No copies remained of his original report, but Donati was able to re-create the most salient facts from a memory that had never relinquished its hold on them. He kept it short and sweet, not wanting to burden the Janus board with too much technical or scientific jargon. And when they finally reconvened three hours after the initial call concluded, Donati sensed a different attitude and approach from the four voices, which had now been joined by a fifth in the center. More somber and inquisitive, while less confrontational, all the participants’ comments and questions laced with something as clear as it was undeniable:

Fear. Of facing an actual threat, at least within the realm of statistical probability, for the first time.

“I think you need to better explain whatever it was that bumped back,” said the fifth member of the Janus board, his voice grid dancing in the center of Donati’s screen.

“I would if I could, sir,” Donati told him. “But I’ve got to back up a bit more first.

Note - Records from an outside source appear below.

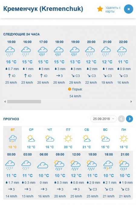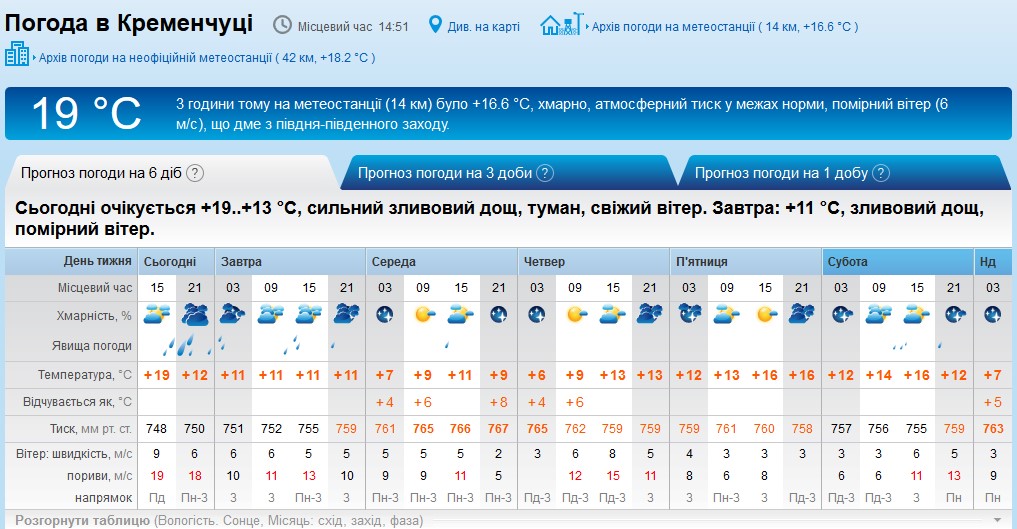 Rp5 обіцяє, що злива литиме сьогодні, 24 вересня, та завтра, 25 вересня. Також накрапатиме у середу, 26 вересня, та суботу, 29 вересня. Увесь тиждень по місту гулятиме вітрюган - пориви до 15-19 м/с. Температура повітря коливатиметься від +6°C до +19°C.
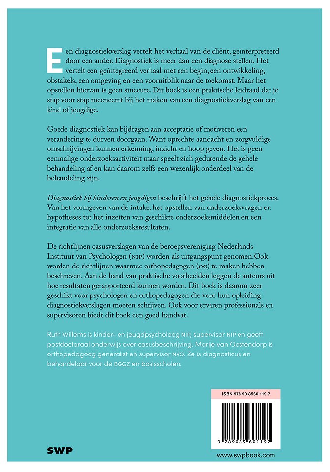 Een diagnostiekverslag vertelt het verhaal van de cliënt, geïnterpreteerd door een ander. Diagnostiek is meer dan een diagnose stellen. Het vertelt een geïntegreerd verhaal met een begin, een ontwikkeling, obstakels, een omgeving en een vooruitblik naar de toekomst. Maar het opstellen hiervan is geen sinecure. Dit boek is een praktische leidraad dat je stap voor stap meeneemt bij het maken van een goed diagnostiekverslag van een kind of jeugdige.
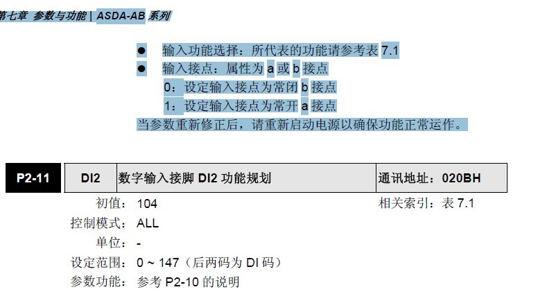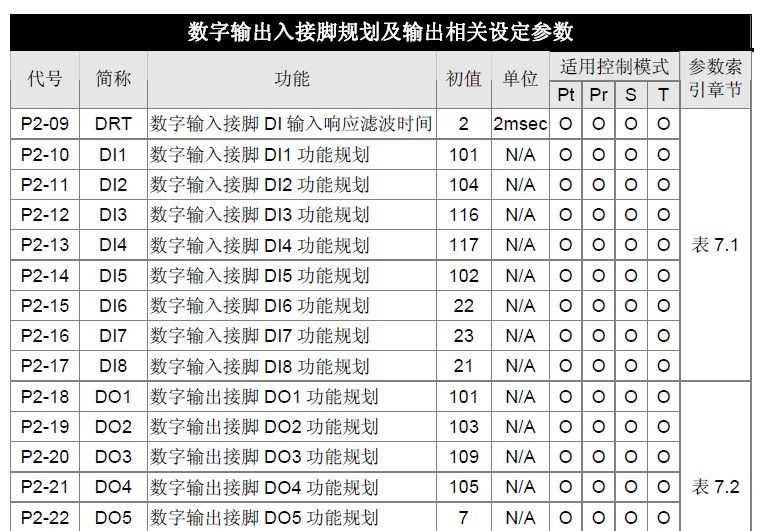 還有在定義輸入腳的時(shí)候,比如OD1對(duì)應(yīng)的是CN1插頭第七腳,它需要來設(shè)置參數(shù),對(duì)應(yīng)什么樣的功能,說什么輸入功能選擇見表7.2,表7,2在哪里,找不到
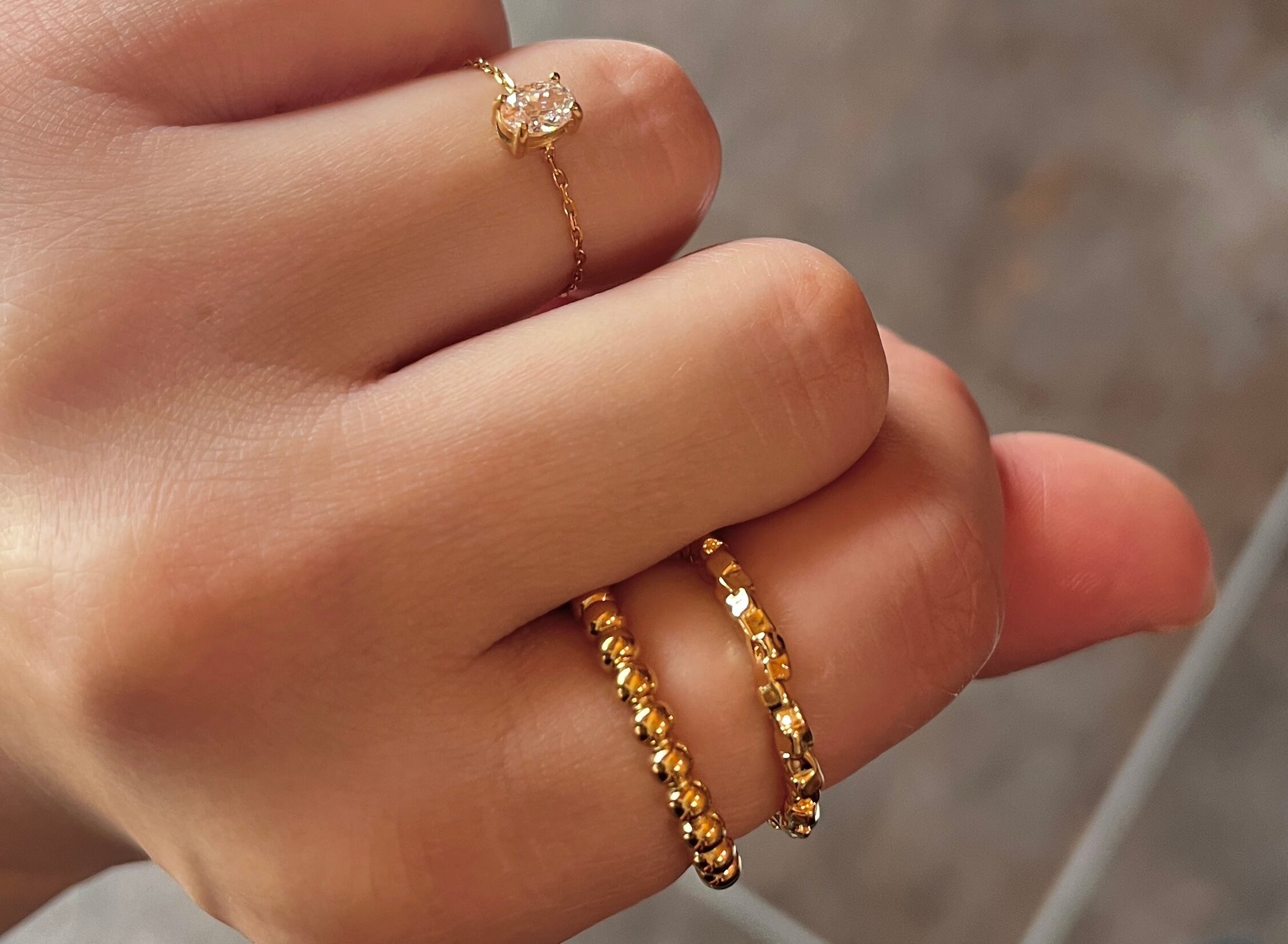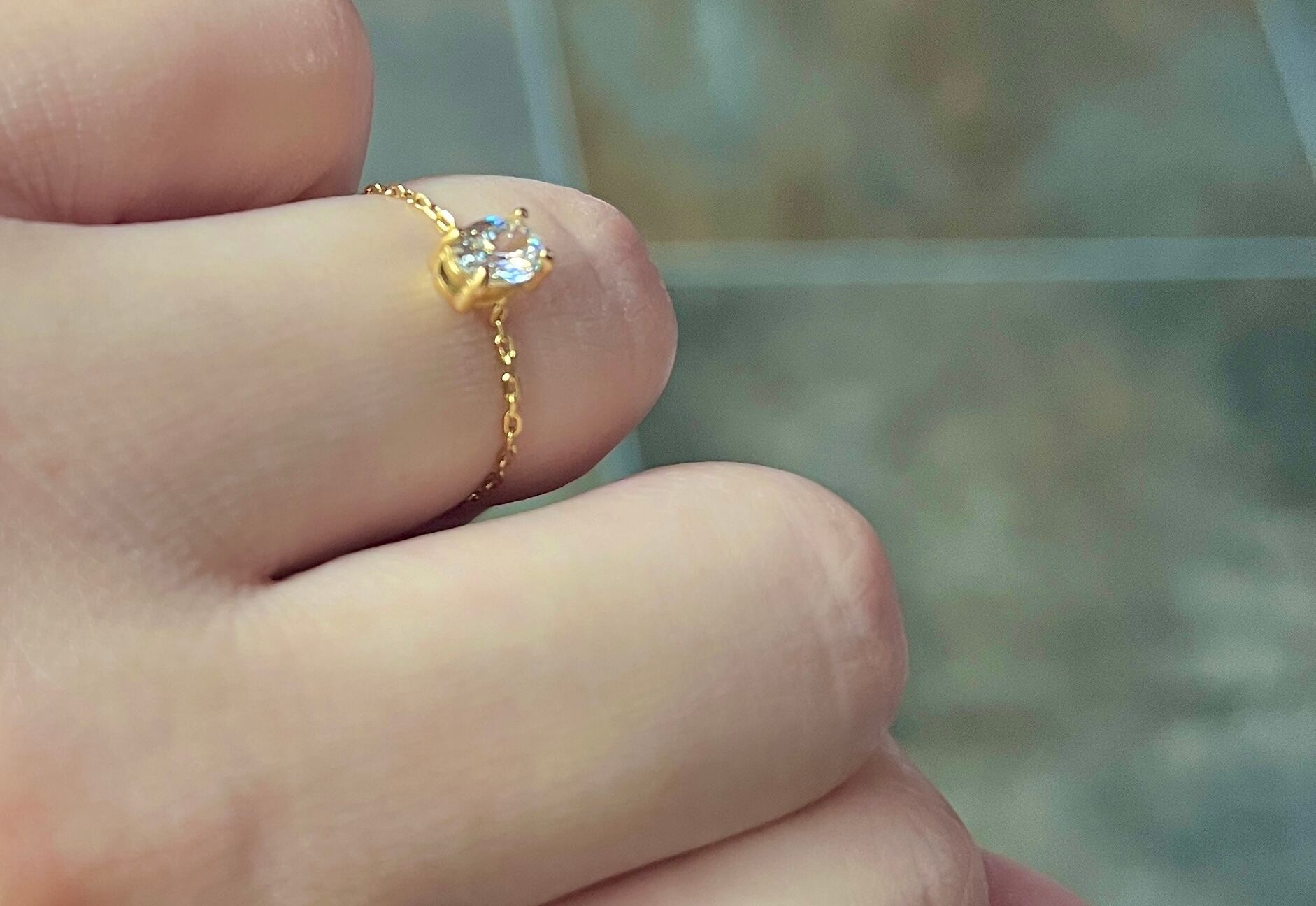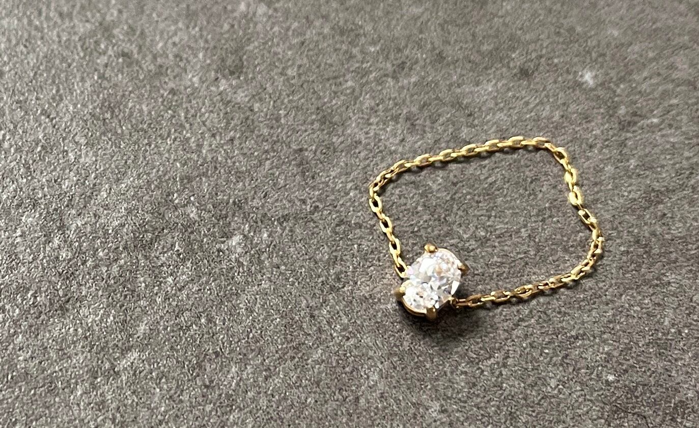 重ね付けにアレンジするのにもちょうどいいボリュームで、印象的なチェーンリングです◎
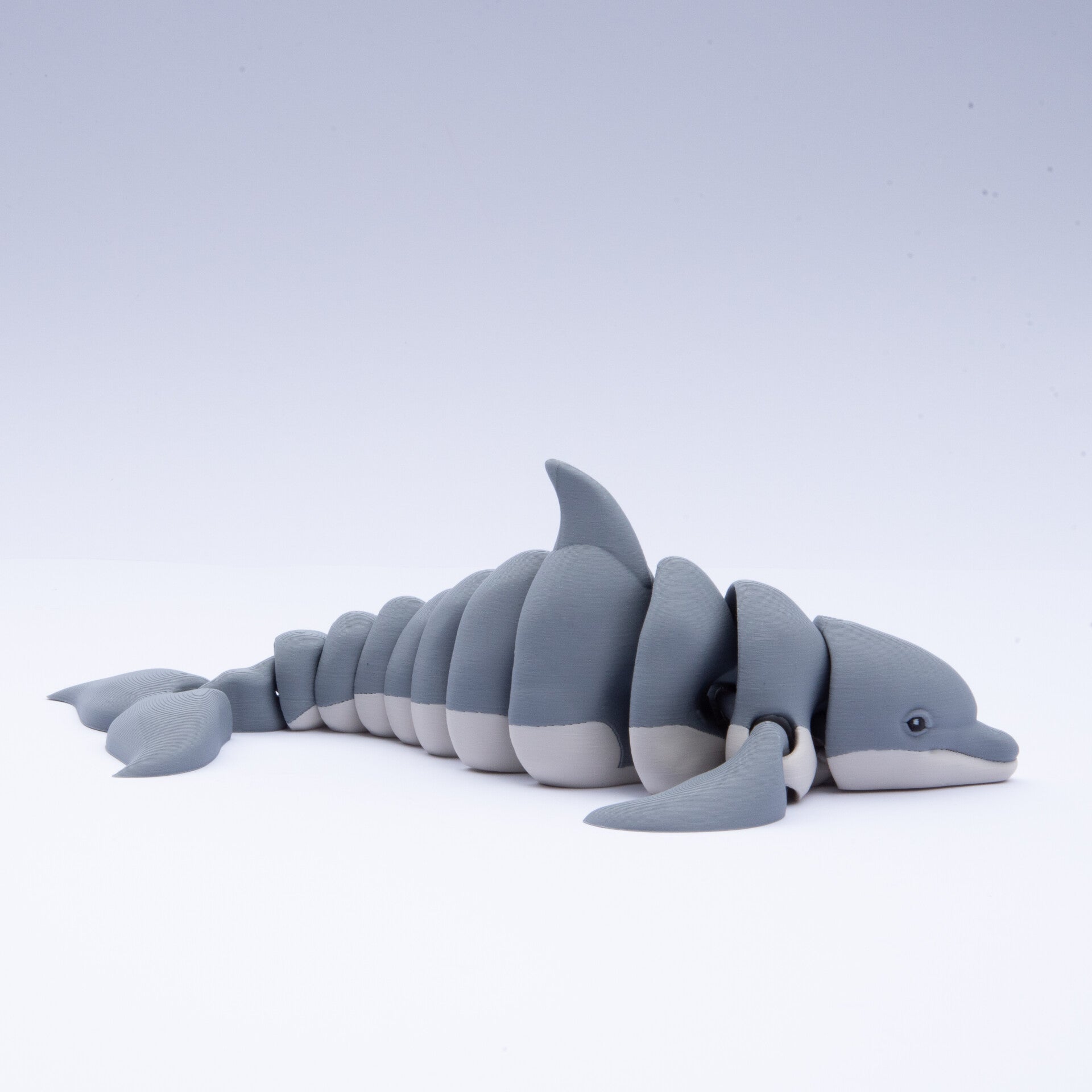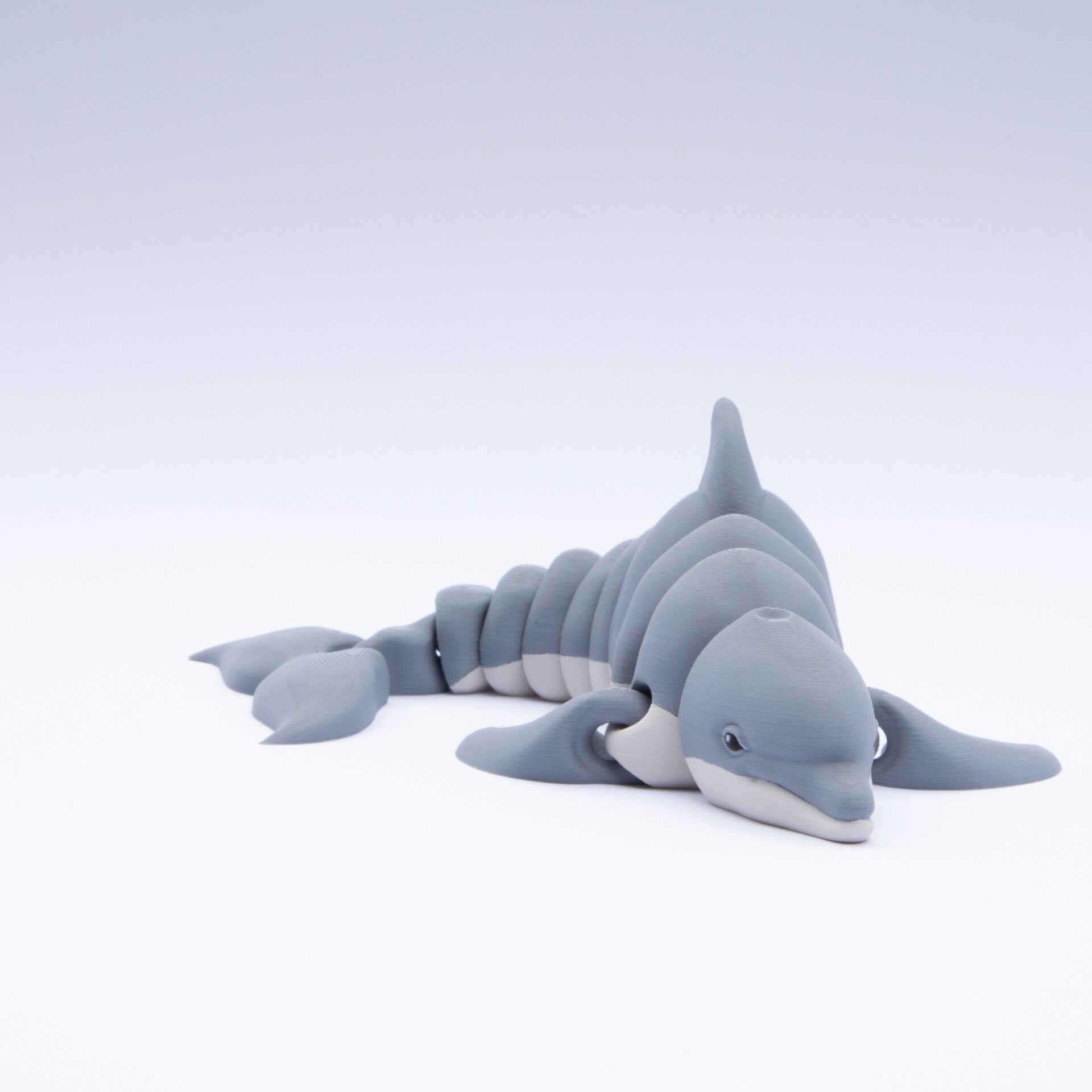 This articulated 3D printed dolphin has smooth segmented movement, a flexible calming feel and gentle realistic shaping that makes it an engaging sensory-friendly ocean animal toy. Printed by us in Sydney, it suits kids who enjoy tactile fidgets, neurodiverse children who benefit from soothing movement toys, and anyone who simply loves dolphins and marine animals. It is sturdy for play, relaxing to handle and makes a thoughtful unique gift.
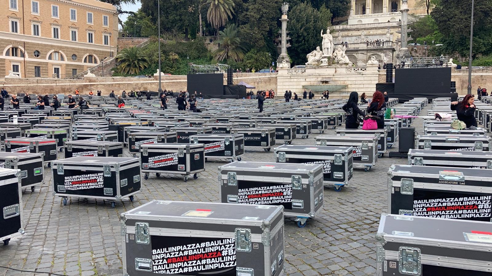 La seconda manifestazione nazionale oggi in Piazza del Popolo a Roma. Dopo il Duomo di Milano, questa volta è stata la volta di piazza del popolo a Roma, la piazza ai piedi del Pincio ad essere invasa da un esercito di bauli, oggetto-simbolo dei lavoratori dietro le quinte, e da migliaia di operatori che manifesteranno nel rispetto delle norme anti covid.
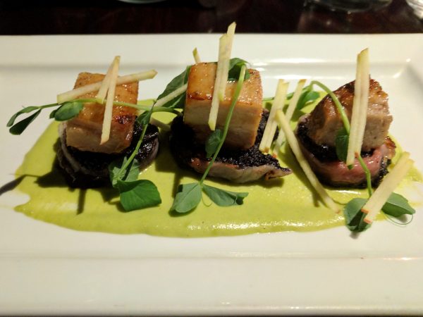 The matchisticks of apples on top of the pork belly are fresh and crunchy: the black pudding below is rich and soft.
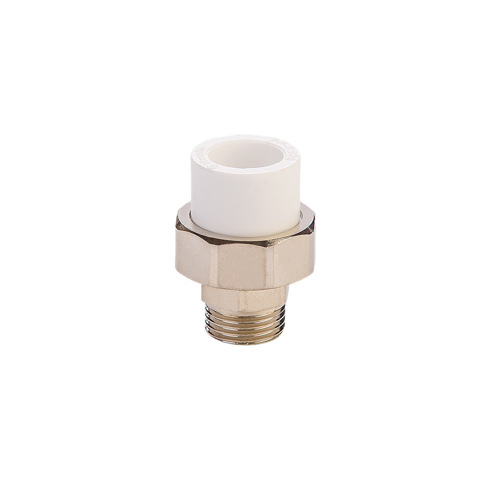 Муфта PPR разъемная с наружной резьбой соединяет трубы из полипропилена с одной стороны и из металла с другой в отопительных и водопроводных сетях с носителями в виде горячей или холодной воды. Этот фитинг также известен как «американка». Изделие отличается особой конструкцией разъемного типа. Она обеспечивает возможность быстро соединять и разъединять жесткую и гибкую линию, когда они являются частью коммуникации. Для подключения к трубе из полипропилена предусмотрен метод сварки, с другой стороны фиксация обеспечивается за счет резьбового соединения.
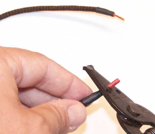Tira de los extremos del cable según los conectores que está utilizando.  Mis conectores banana necesitan aproximadamente 1/4 pulg alambre pelado.

Laboratory Z was dedicated to finding more expeditious ways of exploring the universe.”

“And by ‘expeditious,’” Center interjected, “you mean—”

“Practical, given the limitations of space travel eighteen years ago as well as now. By the time Laboratory Z became operational, the logistics of mounting even a Mars mission were incredibly daunting. If travel to a planet within our own solar system was deemed infeasible, what did that say about the prospects of traveling light-years to reach new and potentially habitable worlds? My question is rhetorical because the answer was and is obvious. Working in conjunction with officials and scientists at both Goddard and JPL, Laboratory Z’s purpose was to explore alternative means of space travel.”